= Thông Biện =

Vietnamese historian and Thiền master (died 1134)

Thông Biện (通辯) born Trí Không (d.1134) was a Vietnamese Buddhist historian and Thiền master whose recorded statements are the earliest written source for the history of Buddhism in Vietnam. He was a student of Viên Chiếu (圓照). He is mentioned in the Lives of Eminent Thiền Monks (禪苑集英, 1337):

Early on, when the Buddha Dharma came to the lower Yangzi region and still had not been established, yet in Luy Lau [in central Jiaozhi] more than twenty precious temples were built, more than five hundred monks were ordained, and fifteen volumes of scriptures were translated from Sanskrit into Chinese.
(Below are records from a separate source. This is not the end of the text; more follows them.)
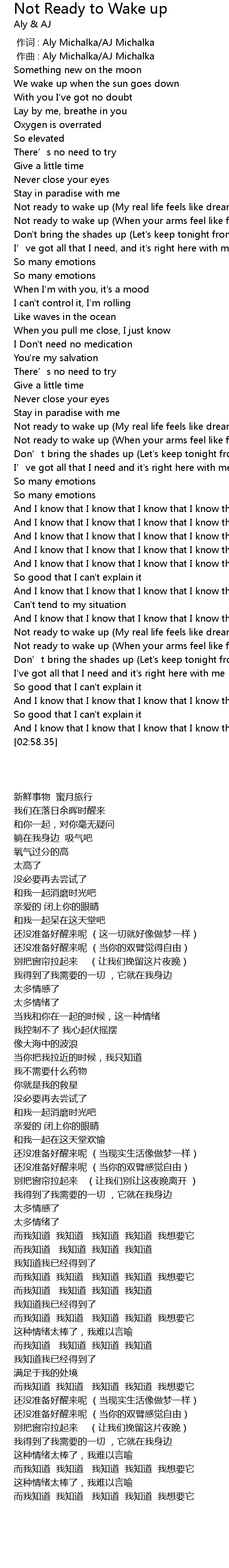 | [02:22.52] | Not ready to wake up (My real life feels like dreaming) |
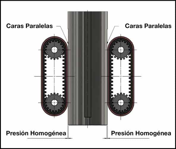 - Asegurarse que las partes planas del tubo formador están alineadas con las bandas de tracción.
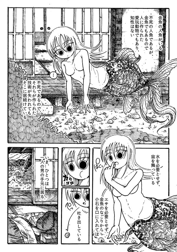 人魚の下半身って普通は魚の下半身なのに金魚の人魚の下半身は人間の下半身を咥えTEる金魚みたいな下半身なのがセンスだなあと思いました
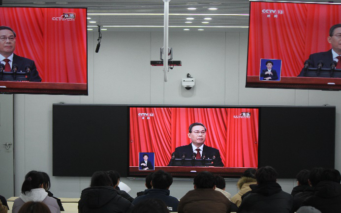 【澳门正规电子游戏平台讯】2024年3月4日、5日,中国人民政治协商会议第十四届全国委员会第二次会议和中华人民共和国第十四届全国人民代表大会第二次会议先后在北京隆重开幕。澳门正规电子游戏平台党总支在3月5日上午9点组织广大师生在学院会议室、主教楼127教室集体观看了两会的开幕式。另外,部分学生分别在各自教室、寝室用手机、电脑等设备实时观看了全国两会的盛大开幕。
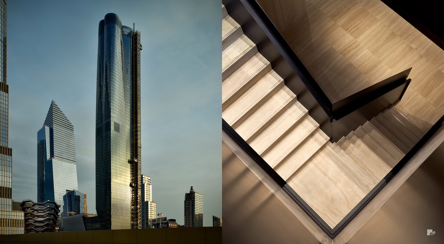 Deze trap komt uit de lobby van de 15 Hudson Yards Tower in New York, ontworpen door de beroemde Amerikaanse architecten Diller Scofidio + Renfro.
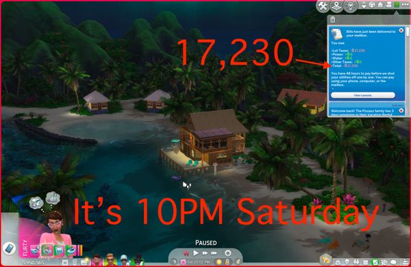 When a vacation lasts until Monday morning, households are charged both their home bills and vacation rental fees simultaneously. This occurs every time Sims are still on vacation at Monday morning. The issue only happens with vacation rentals, not when staying on public lots.
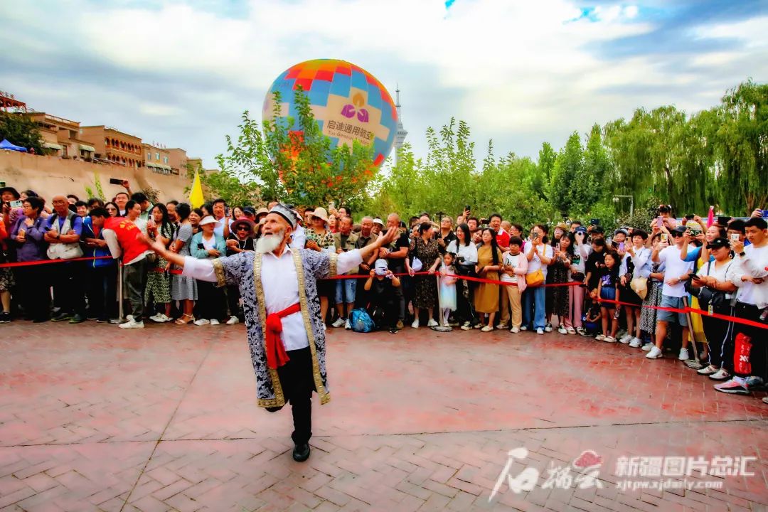 8月23日,喀什古城景區開城儀式上,“網紅大爺”踏著鼓點翩翩起舞迎接八方游客
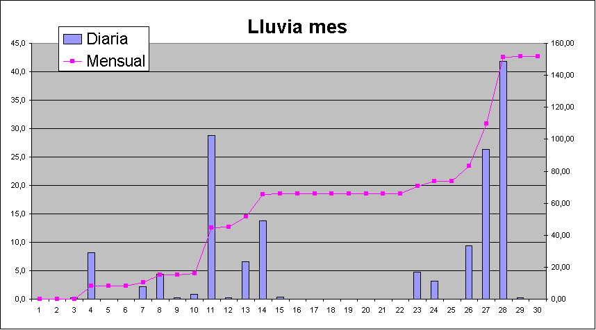 | Máximo de Lluvia: | 41,8 | 28/11/14 | |||||||||||||||||||

Because of this earlier connection, there already were monks and nuns like Mo Luo Qi Yu, Kang Senghui, Zhi Jiang Liang, and Mou Bo there." Eminent Monks of the Thien Community (1337) text adapted by Dutton (1997) from Nguyễn Tử Cương

The four monks mentioned are Mo Luo Qi Yu (Ma Ha Kỳ Vực) Kang Senghui (Khương Tăng Hội), Zhi Jiang Liang (Chi Cương Lương), and Mou Bo (Mâu Bác, i.e. :vi:Mâu Tử) author of the Mouzi Lihuolun (Lý Hoặc Luận).

The Queen Mother Ỷ Lan consulted the monk Thông Biện regarding the history of Buddhism in Vietnam in 1096 prior to her commencement of the plan to build 100 pagodas.